Sec drops probe to gemini, Cameron Winklevoss requires remuneration

The American Securities and Exchange Commission (SEC) may happen to Gemini, but Gemini has not finished SEC.

According to a Wednesday X post from Gemini Medter and President Cameron Winklevoss, SEC on Monday informed Gemini that it was closing its investigation into the New York-based Crypto Exchange and would not submit an enforcement cost against it.

But the anti-climactic resolution of the long-term study was unsatisfactory for Winklevoss, who said in his X-post that SEC’s retreat “does little to compensate for the damage this agency has done for us, our industry and America.”

“Sec cost us tens of thousands of millions of dollars in legal bills alone and hundreds of millions in lost productivity, creativity and innovation,” Winklevoss wrote. “SEC’s behavior overall to other cryptic companies and projects cost size orders more and did not cause -quantifiable loss in economic growth for America.”

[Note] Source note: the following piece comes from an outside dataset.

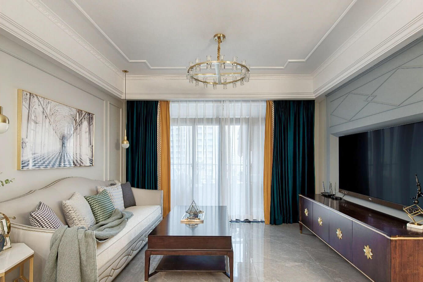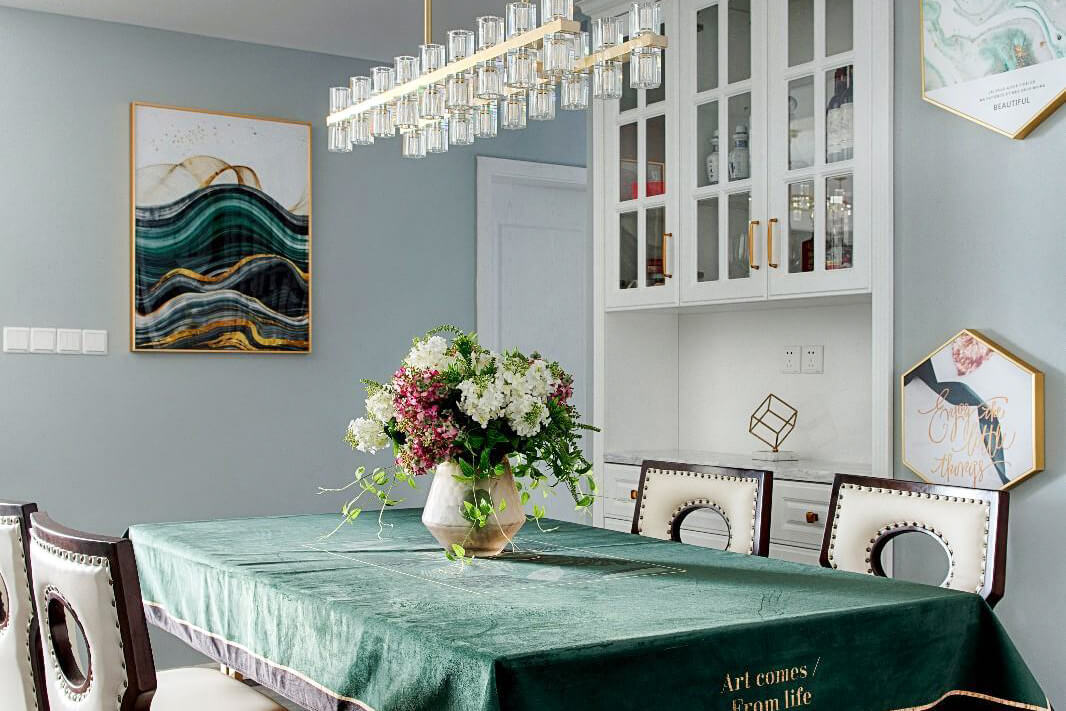 本案總面積90㎡,是簡(jiǎn)潔精致的現(xiàn)代美式風(fēng),一改傳統(tǒng)美式厚重的色調(diào),以灰白色調(diào)為主,以明艷色彩點(diǎn)綴為輔,打造了一個(gè)清新的舒適居住空間。局部用線條與金屬質(zhì)感的軟裝點(diǎn)綴空間,給予空間品質(zhì),加上沙發(fā)的柔軟布藝材質(zhì),又豐富了空間的柔美性,材質(zhì)與顏色的完美融合使空間散發(fā)靜謐與優(yōu)雅的氣息。

Winklevoss said that without consequences for both SEC and the individual employees involved in the investigations of Gemini and other cryptic companies, other federal agencies could again in the future “bully, harass a legal industry and then decide one day just to say that we are good and go away.”

In his post, Winklevoss suggested that any agency that “refuses to write rules before it opens an investigation or brings an enforcement action” should be required to repay the defendant “for 3x [their] Legal costs. “

Winklevoss also called for all SEC employees involved in the probe to Gemini to be fired publicly, and their “names, roles and the actions they participated in to be published on the SEC website.”

“It should not be acceptable to bring the full power of the US government to bear against new businesses in a beginning industry and then hide behind a faceless agency or say you just did your job ‘or’ after orders. “These people had a choice,” Winklevoss wrote. “They could have asked to be awarded or withdrawn. No one forced them to work at sec. Nevertheless, they chose to violate their oaths and the agency’s mission to “have a positive influence on the US economy, our capital markets and people’s lives” and instead helped and excavated an illegal war against a legal industry. “

SEC’s decision to drop his probe in Gemini comes shortly after it fell similar studies in Uniswap Labs, Robinhood Crypto and OpenSea. Earlier Wednesday, SEC also filed a joint movement to put its lawsuit against the Tron Foundation and Justin Sun, similar to the recent decisions filed in its cases against Coinbase and Binance.

SEC did not respond to Coindesk’s request for comment.